Samantha Forster, Head of Nursery
Reception Learn Spanish
We are all born natural linguists and young children communicate and learn through playful activities. Learning an additional language has shown to increase creativity, develop listening and observation and improve critical thinking skills. In their Spanish lessons, Reception children created their very own sock puppets to whom they proceeded to ‘teach Spanish’. The children taught their new friends key phrases such as “!Hola! Me llamo...” (Hello, my name is….).
Leana Staring, Head of MFL, Brookham
Year 1 Science Superheroes
"The most exciting phrase to hear in science, the one that heralds new discoveries, is not 'Eureka!' but 'That’s funny…'" Isaac Asimov
Tying in with their Superhero topic, Year 1 children were challenged in science to investigate which fabric would make the best superhero cape. After much discussion about which physical properties a cape should have, the children worked in groups to plan and perform scientific tests on the different materials. They gathered and recorded the data and used their observations to conclude which fabric had the most suitable properties.
Henrietta Platt, Year 1 Teacher
Year 2 Get Musical
In their Music lessons, Year 2 embarked on a musical journey through the rainforest. Inspired by this term's topic, they played the song ‘Walking Through The Jungle’ and were challenged to create the sounds of snakes, birds, tree frogs, gorillas, and lions, as well as rain and thunder. They used a range of interesting instruments and learnt lots of new exciting words including cabasa, oscarina, guiro, djembe (pictured), rainsticks and cymbals. The music room was turned into a wild rumpus as the jungle came to life!
Mary Hall, Music Teacher
Year 3 Are Paleontologists
Having previously learned that fossils are mainly found in sedimentary rocks, Year 3 children were given fossils to handle, examine and sketch. The Haslemere Museum school fossil collection contained examples of fossilised plants, shellfish, sea urchins and even shark's teeth! The children used reference materials to identify each fossil and attempted to pronounce some very complicated Latin names, before using their observational skills to make scientific drawings of their chosen fossils.

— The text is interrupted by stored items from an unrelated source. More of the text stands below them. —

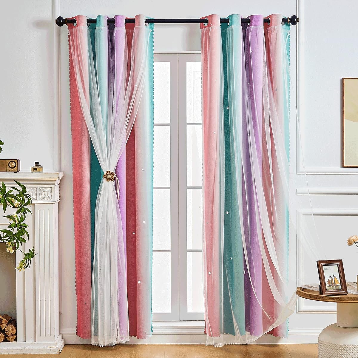 Windows Drapes, Double Layers Romantic Sheer Kids Children Girls Curtains
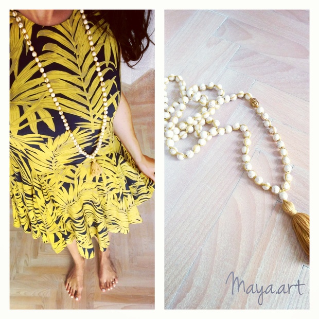 Náhrdelník je vyroben z žíhaných béžovobílých korálků drhaných na béžověžluté bavlnce. Zdobným prvkem je střapec zhotovený z bavlny. Náhrdelník je doplněn pozlaceným Buddhou.
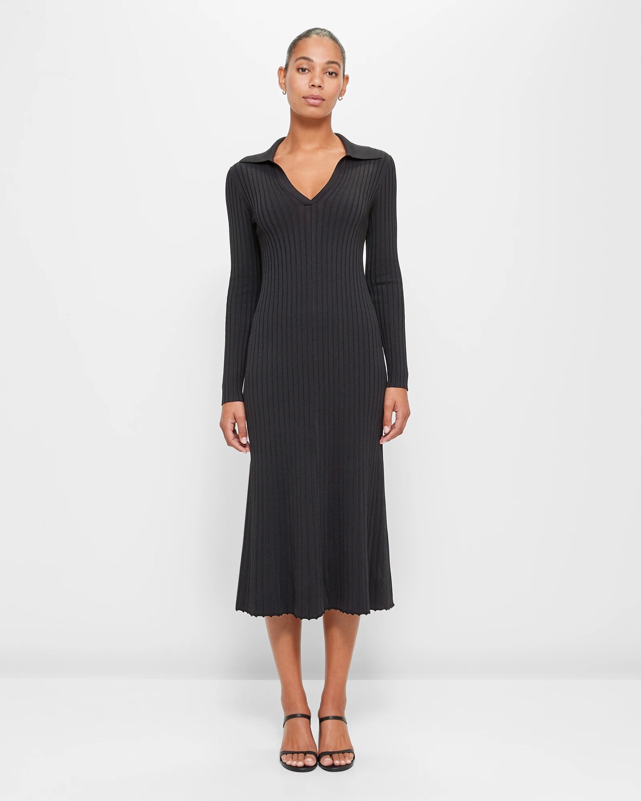 Experience timeless elegance with our ribbed polo dress. Crafted from a luxurious viscose/nylon blend, the dress exudes sophistication and comfort. The slim fit and A-line cut flatter the silhouette, while the round collared neckline with v-front drop adds a touch of modern chic. Perfect for both formal occasions and casual gatherings, the dress promises to elevate your style effortlessly. Embrace the charm of long sleeves and a straight hemline, creating a versatile and graceful ensemble. Elevate your wardrobe with our long sleeve ribbed polo dress – a must-have for every modern fashionista.
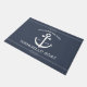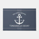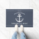 Add your boat name with anchor, rope, modern typography and navy blue welcome mat.
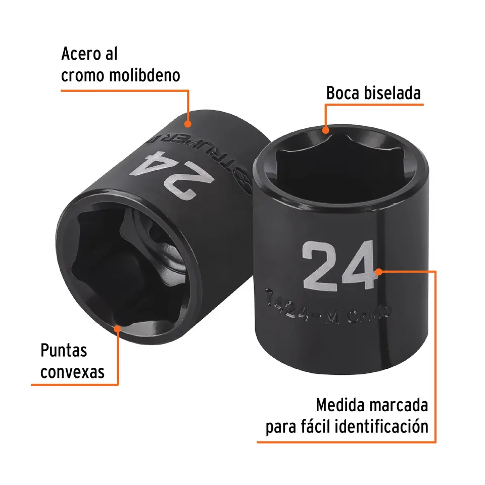 บ็อกซ์ 6 ซ็อกเก็ตกระแทกขนาด 24 มม., 6 จุด, ขับเคลื่อน 1/2 นิ้ว, TRUPER
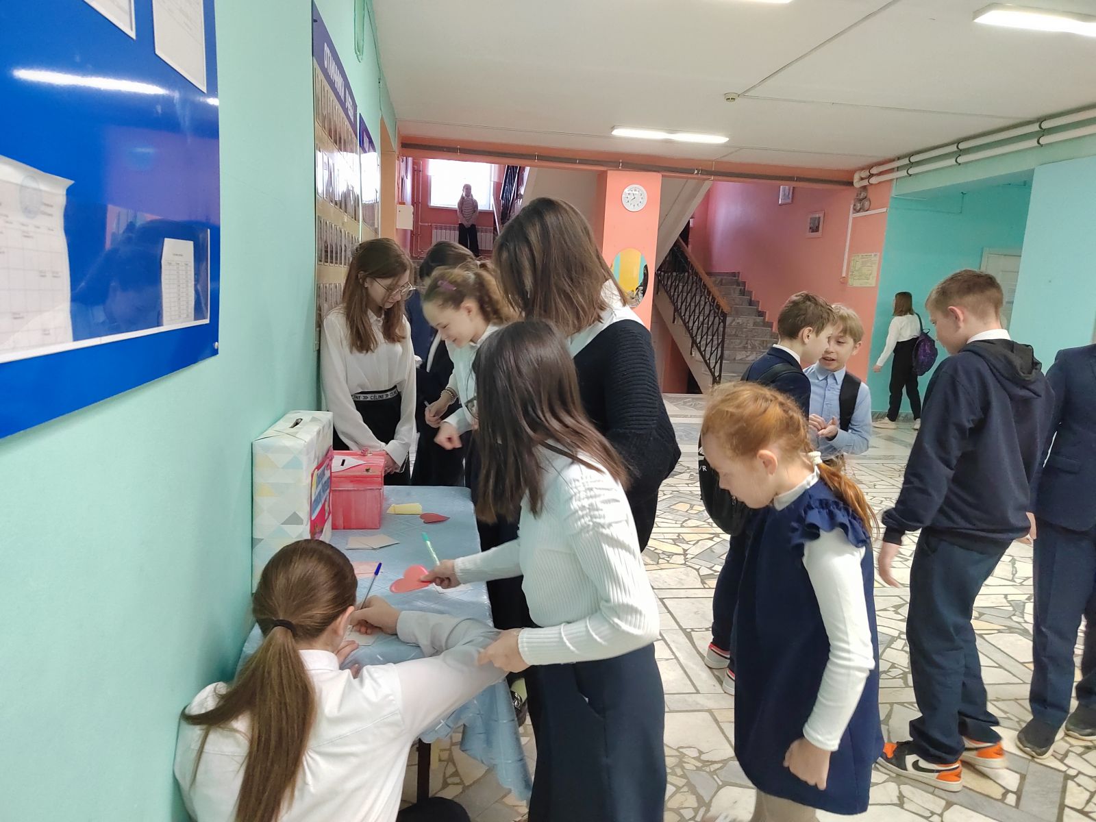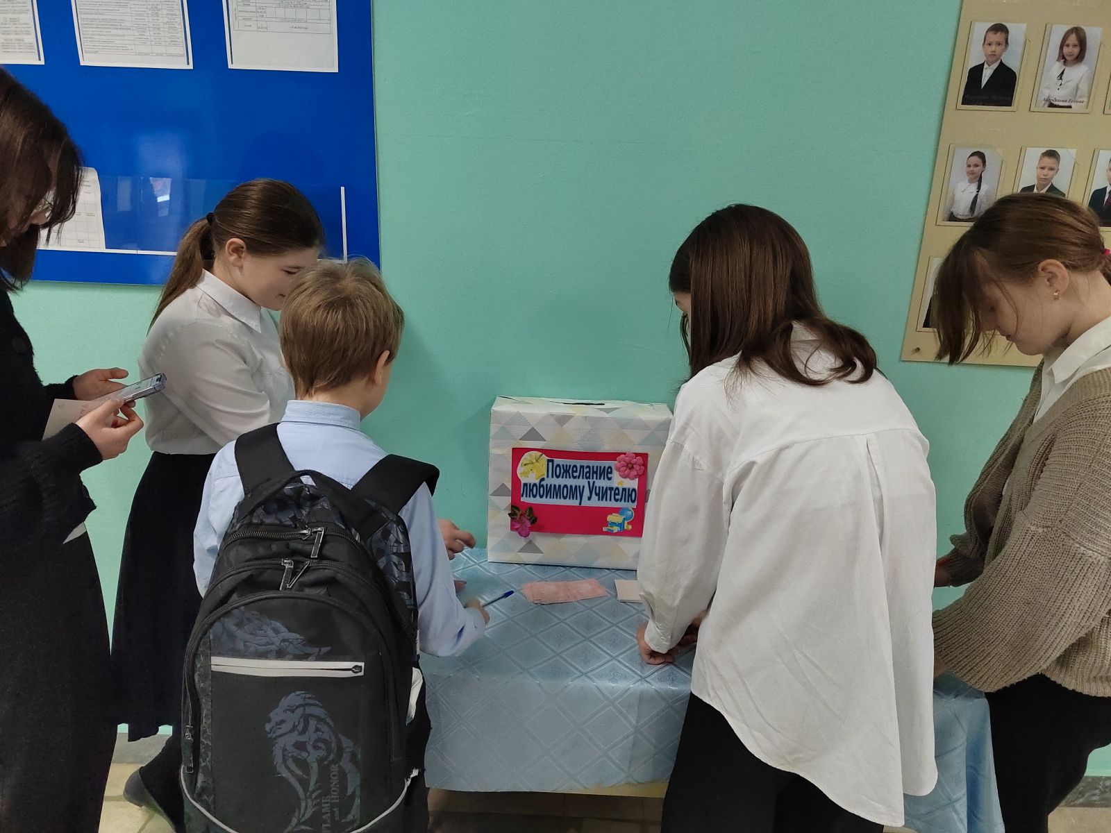 Так, в рамках акции «Пожелания любимому Учителю» активисты школы организовали поздравительную почту, чтобы любой желающий мог написать любимому учителю.

They also learned about the life of Mary Anning and shared personal stories of their own fossil-hunting adventures.
Sophie Delacombe, Year 3 Teacher
Year 4 Write Home
Year 4 have been honing their letter writing skills; learning how to structure an informal letter as well as using exciting language to engage the reader. After travelling on the Watercress Line and learning all about evacuation, they were inspired to write letters as evacuees. The children created their own characters; imagined what they might have packed, where they would have gone to and how they might have felt. They showed their creative side as they wrote about learning how to make bread for the first time, having to hide in an Anderson Shelter and the new friendships made at school. It was amazing to see the emotion portrayed by the children. They all really challenged themselves to feel what an evacuee would have felt being away from home.

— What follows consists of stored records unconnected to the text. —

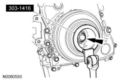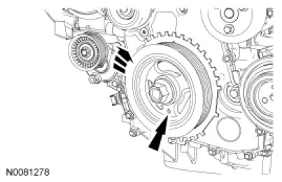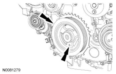 NOTICE: The crankshaft sprocket diamond washer may come off with the crankshaft pulley. The diamond washer must be replaced, remove and discard the diamond washer. If the diamond washer is not installed, engine damage may occur.
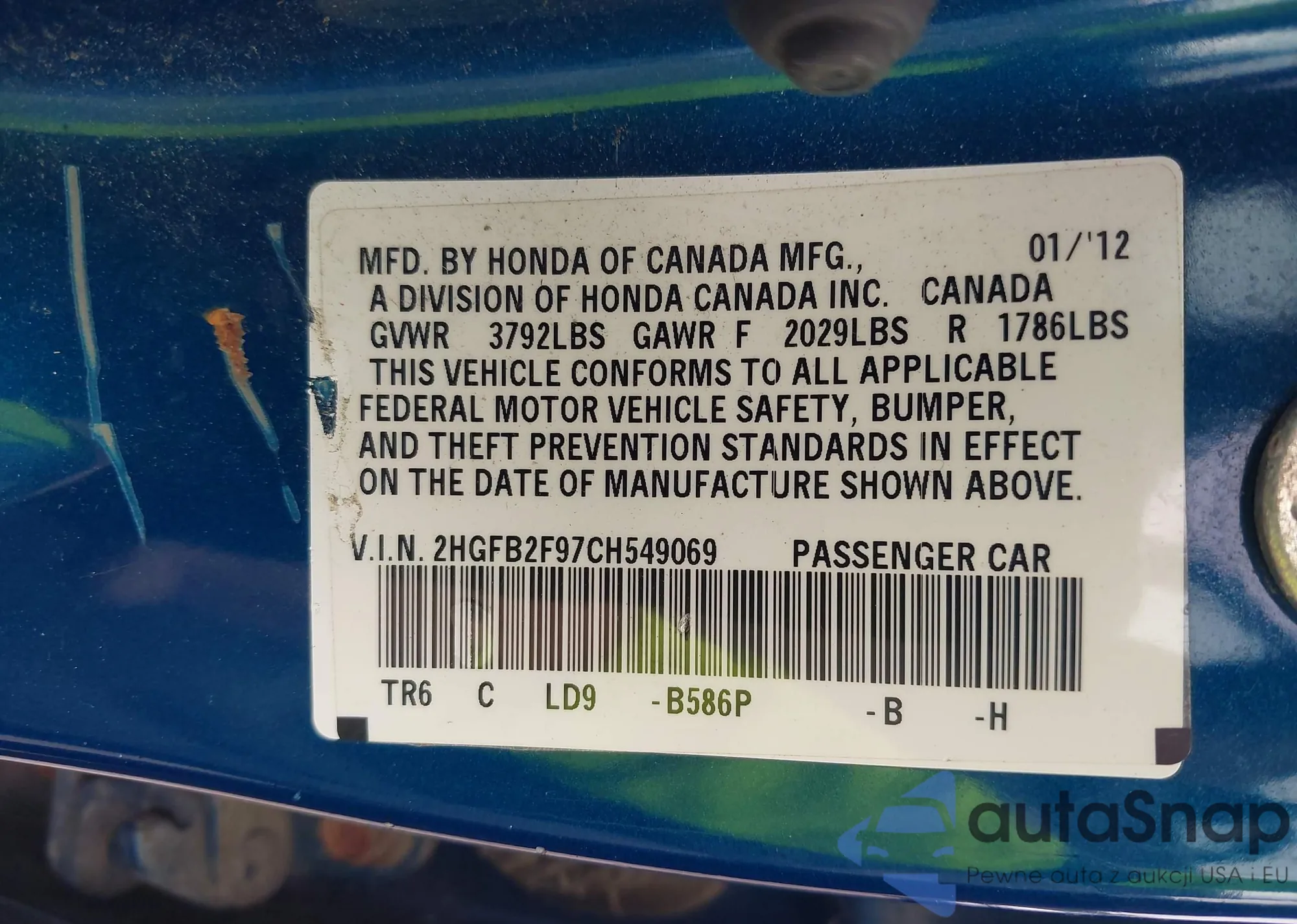 • VIN 2HGFB2F97CH549069
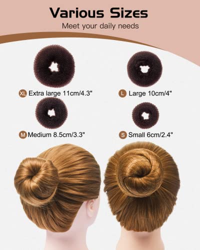 Ciambella per capelli: Queste ciambelle per capelli rendono facile e veloce la creazione di bellissimi chignon. Con 4 diverse misure (extra-large, grande, media e piccola), sono adatte sia ai capelli spessi che a quelli sottili. Il loro design semplice ma efficace li rende incredibilmente facili da usare, consentendo di ottenere risultati straordinari in pochi minuti.

Rosie Statham, Year 4 Teacher
Year 5 Buzz About Books
The Travelling Book Fair was back for their annual visit to the library. The whole school, including Year 5 were given the opportunity to explore the fair during their English lessons. The book fair was carefully curated to show the very best books to engage every type of reader. It was packed with hundreds of the best children’s books for all ages, from award-winners and the newest titles, to pocket-money pick-ups and treasured classics. The book fair’s visit was a great opportunity to create a school-wide reading focus, build a buzz about books for the children, and most importantly to encourage a love, enjoyment and passion for reading. The children were challenged to select suitable books for themselves and total up the cost. Some books that proved popular with the children included ‘Alex Rider’, ‘Happy Girl Lucky’ and ‘Goodnight Mister Tom’.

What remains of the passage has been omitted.